I’ve neglected my blog, which is really to say I’ve neglected writing for the sake of writing. I miss it. I used to be good at it – though really I’m talking before blogging existed, when the only way to communicate with the world was to write long missives by email and cc- in a bunch of folks you knew… Folks who, then, were actually quite likely to take the time to read it. (Can you imagine?) At that time the closest thing to social media was MySpace, the new frontier, where one’s typed thoughts could reach a wider public via personalised home page, accompanied by a theme song.

To say they were simpler times is to sound like I’m 102… Though I am forty, which, given the speed the digital age moves, might as well be the same thing. 

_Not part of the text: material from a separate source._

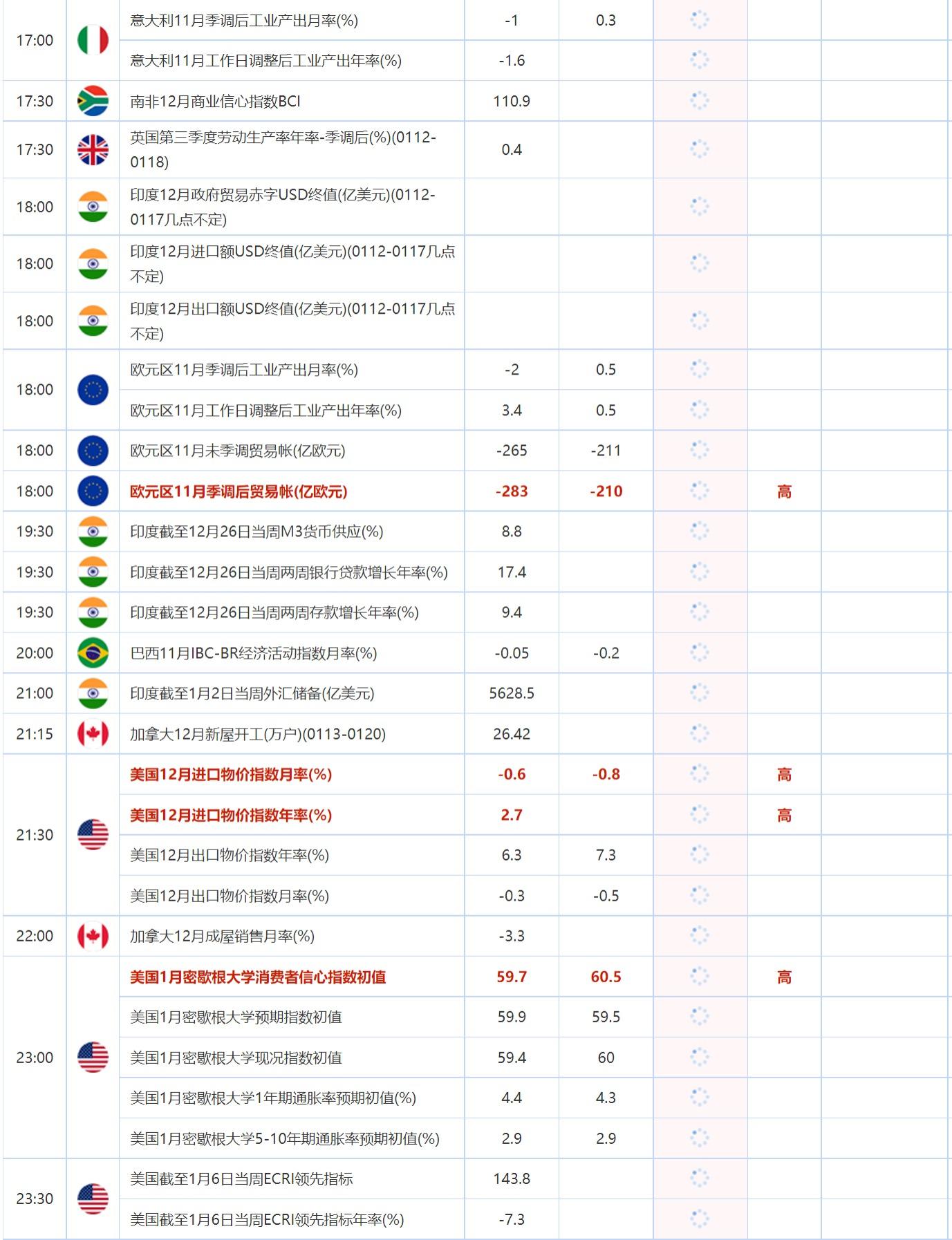 23:00 美国1月密歇根大学消费者信心指数初值 , 前值 59.7 , 预期值 60.5 , 公布值:待发布23:00 美国1月密歇根大学预期指数初值 , 前值 59.9 , 预期值 59.5 , 公布值:待发布
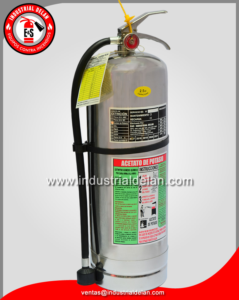 Los extintores de acetato de potasio son capaces de extinguir fuegos de Clase K. Es uno de los mejores para ser usados en cocinas de restaurantes e industriales.

These days the only personal communications out in the world are via Instagram: pictures + little captions. Which means there’s a lot I do not say and many writing muscles that lie dormant. I miss feeling them stretch.

Well… This is where I’m supposed to announce that I’m setting new goals and holding myself accountable to keeping this blog updated on the regular. Yeah… I’m not doing that. I can try but I cannot commit to myself. So I promise nothing. But I woke up this morning feeling frustrated that I’ve lost the thing I used to have, the agility for putting down words because the words were there just beneath my skin, and not because it’s my job. (Which is valuable and joyous but a different kind of expression, telling stories for someone else; writing to keep the wolf from the door, to cover the expenses of being alive.)  

And I figured if I didn’t overthink this, and simply posted the words that fell out of my fingers over the first coffee of the morning, I can bust through the cobwebs of my expressive conscious and maybe… maybe… come back to my writing self again? This rambling missive is as awkward and earnest as a Myspace post circa 2005, but in a way, that’s the point. I’m writing it for me. I’m stretching some neglected muscles. If progress comes from this, I’ll be delighted. Whatever comes of it, a stretch is always a good place to begin.